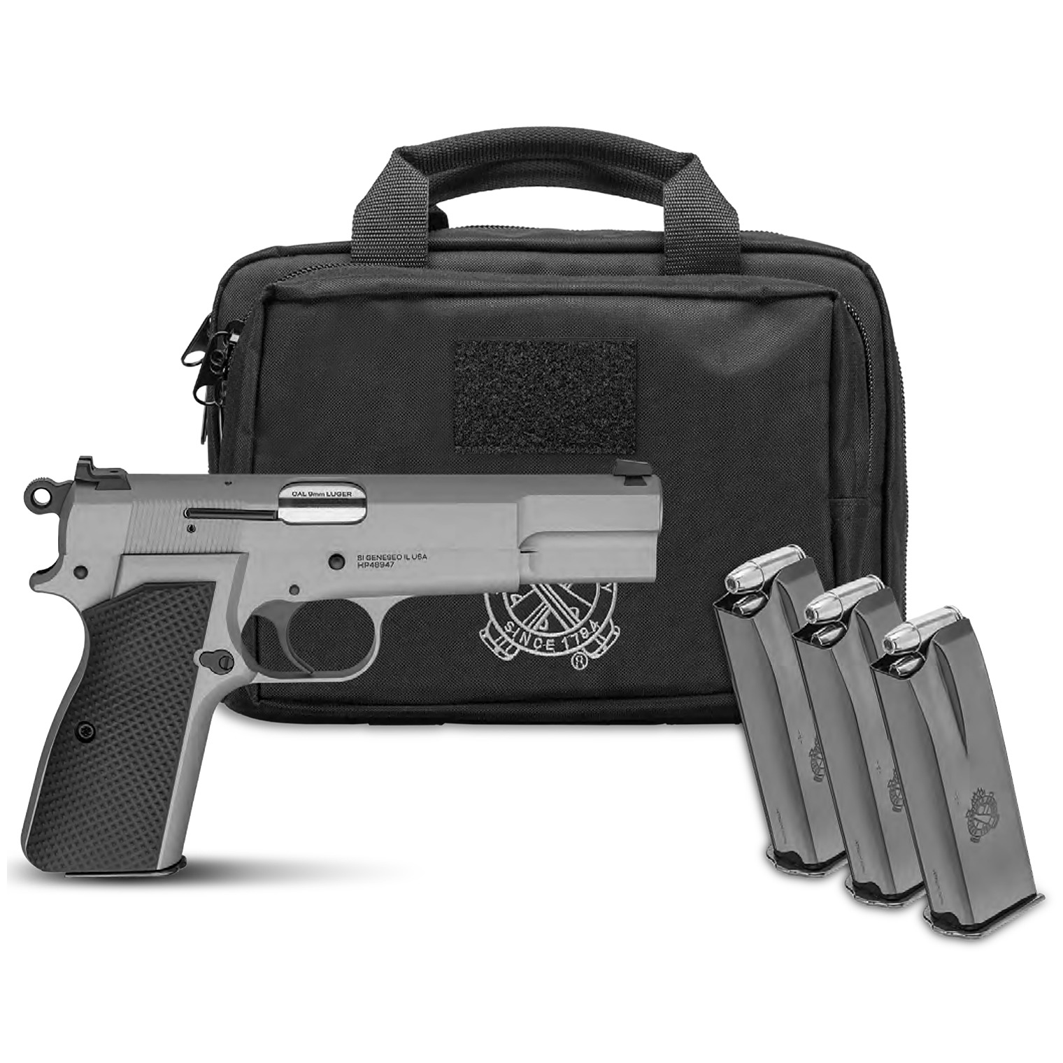 The Springfield Armory SA-35 gives todays shooters a modern take on a revered classic. Featuring subtle but significant upgrades to John Moses Browning’s original P-35 design. The SA-35 features rugged forged steel parts for strength and durability, G10 grips, improved ergonomics and enhanced controls, a factory tuned trigger, modern sights, an improved feed ramp design and an increased 15rd capacity. Gear Up package includes four magazines and soft pistol case.
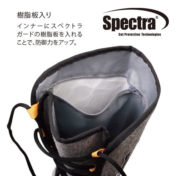 ■アキレス腱部にスペクトラ樹脂板を追加し(脱着可能)更なる安全性を追求。
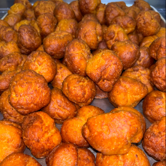 Buñuelo tradicional de la región, de textura externa crocante y centro esponjoso.
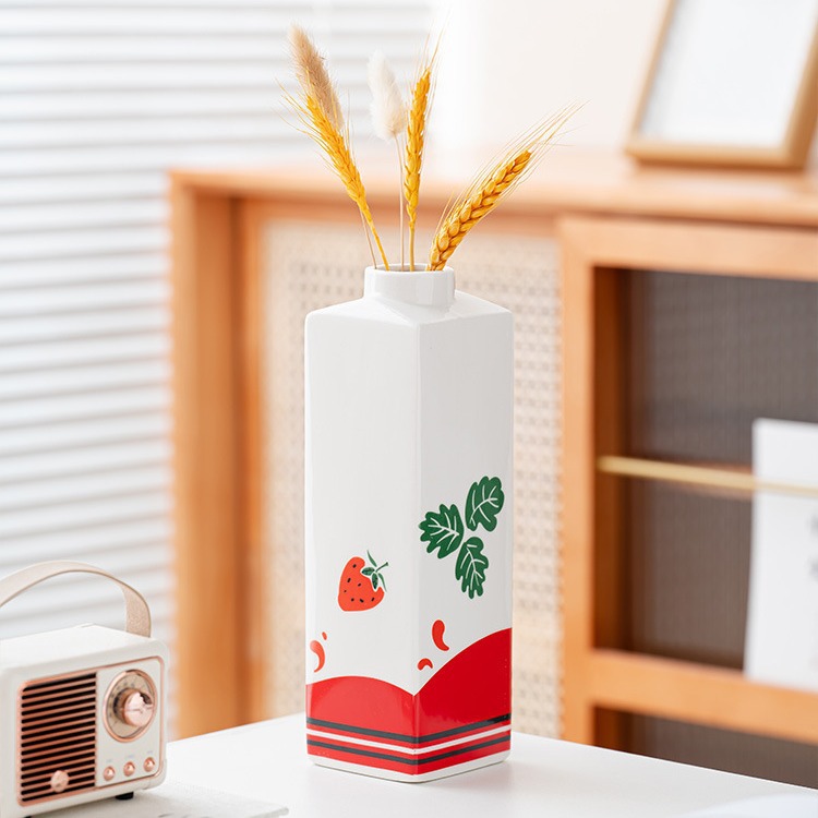 亚马逊ins草莓花瓶客厅插干花家居软装饰品餐桌摆件鲜花水培花器
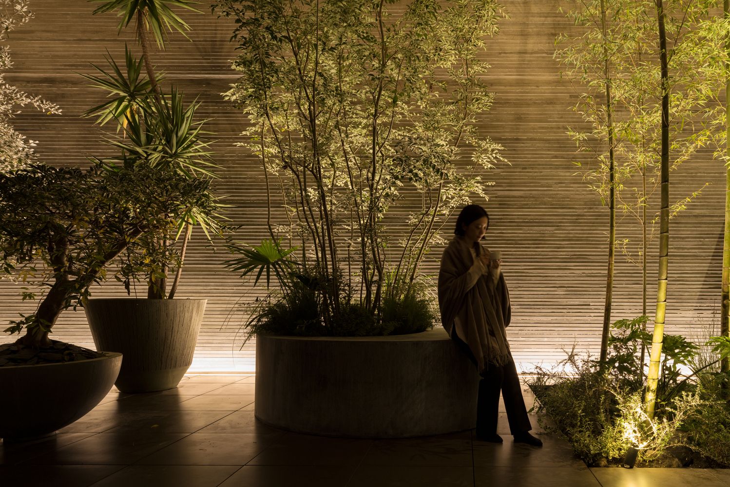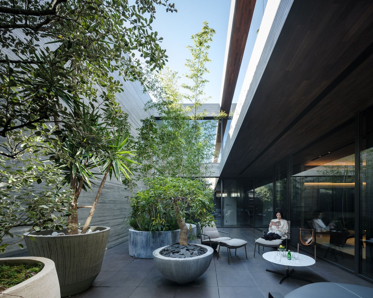 Svi otvoreni prostori su oivičeni zastakljenjem kako bi se osiguralo da što više prirodnog svetla dopre u životne prostore koji okružuju dvorišta, ali i da se omogući pogled na bambuse i ostalo zasađeno zelenilo.
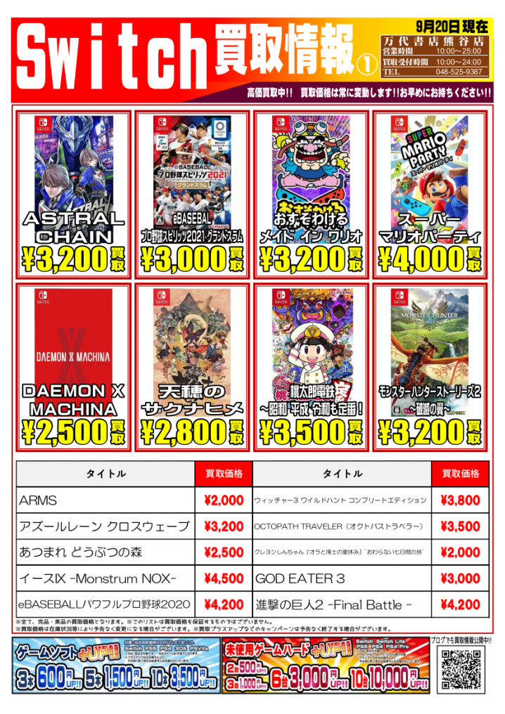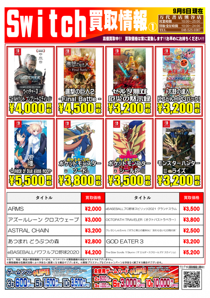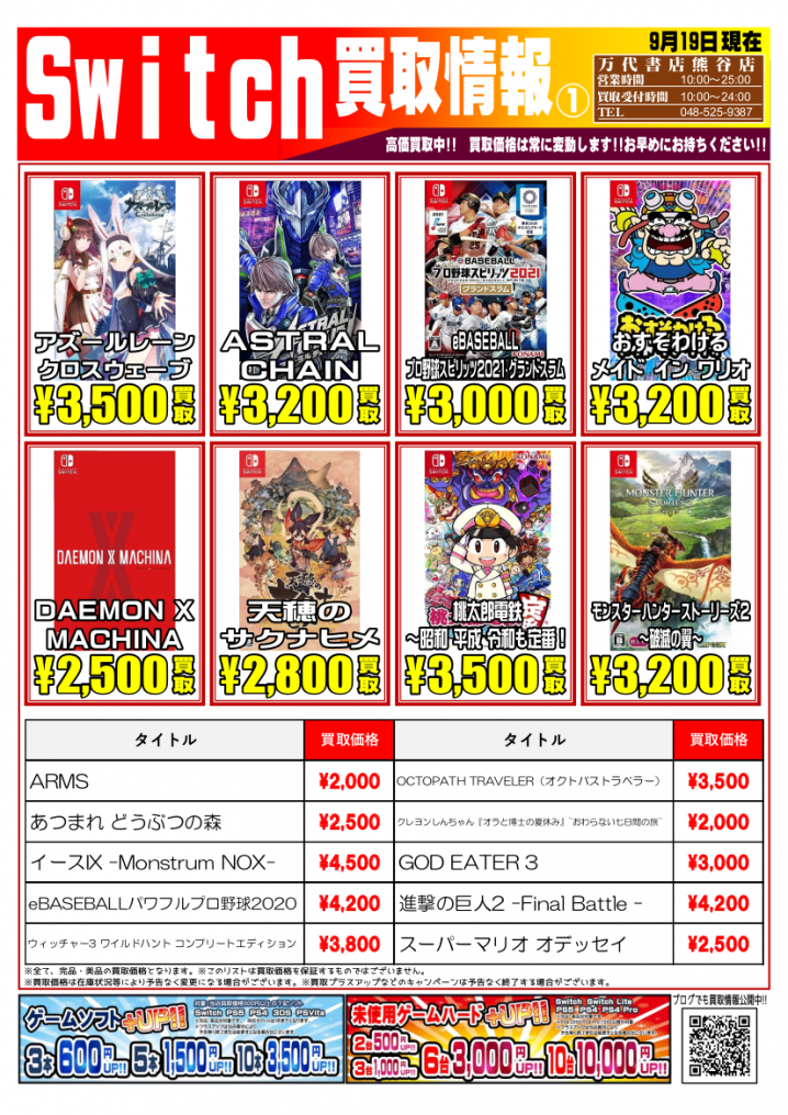 ⭐WEBチラシ更新しました!!⭐ ※2021/9/19 現在の買取価格となります。 在庫状況・状態によってお値段が変動いたします。予めご了承ください。 *************** こちら↓…
* * * * * * * * *
[Problem]: Give the entries above again, exactly as written and free of images.

[Reply to the exercise]:
 The Springfield Armory SA-35 gives todays shooters a modern take on a revered classic. Featuring subtle but significant upgrades to John Moses Browning’s original P-35 design. The SA-35 features rugged forged steel parts for strength and durability, G10 grips, improved ergonomics and enhanced controls, a factory tuned trigger, modern sights, an improved feed ramp design and an increased 15rd capacity. Gear Up package includes four magazines and soft pistol case.
 ■アキレス腱部にスペクトラ樹脂板を追加し(脱着可能)更なる安全性を追求。
 Buñuelo tradicional de la región, de textura externa crocante y centro esponjoso.
 亚马逊ins草莓花瓶客厅插干花家居软装饰品餐桌摆件鲜花水培花器
 Svi otvoreni prostori su oivičeni zastakljenjem kako bi se osiguralo da što više prirodnog svetla dopre u životne prostore koji okružuju dvorišta, ali i da se omogući pogled na bambuse i ostalo zasađeno zelenilo.
 ⭐WEBチラシ更新しました!!⭐ ※2021/9/19 現在の買取価格となります。 在庫状況・状態によってお値段が変動いたします。予めご了承ください。 *************** こちら↓…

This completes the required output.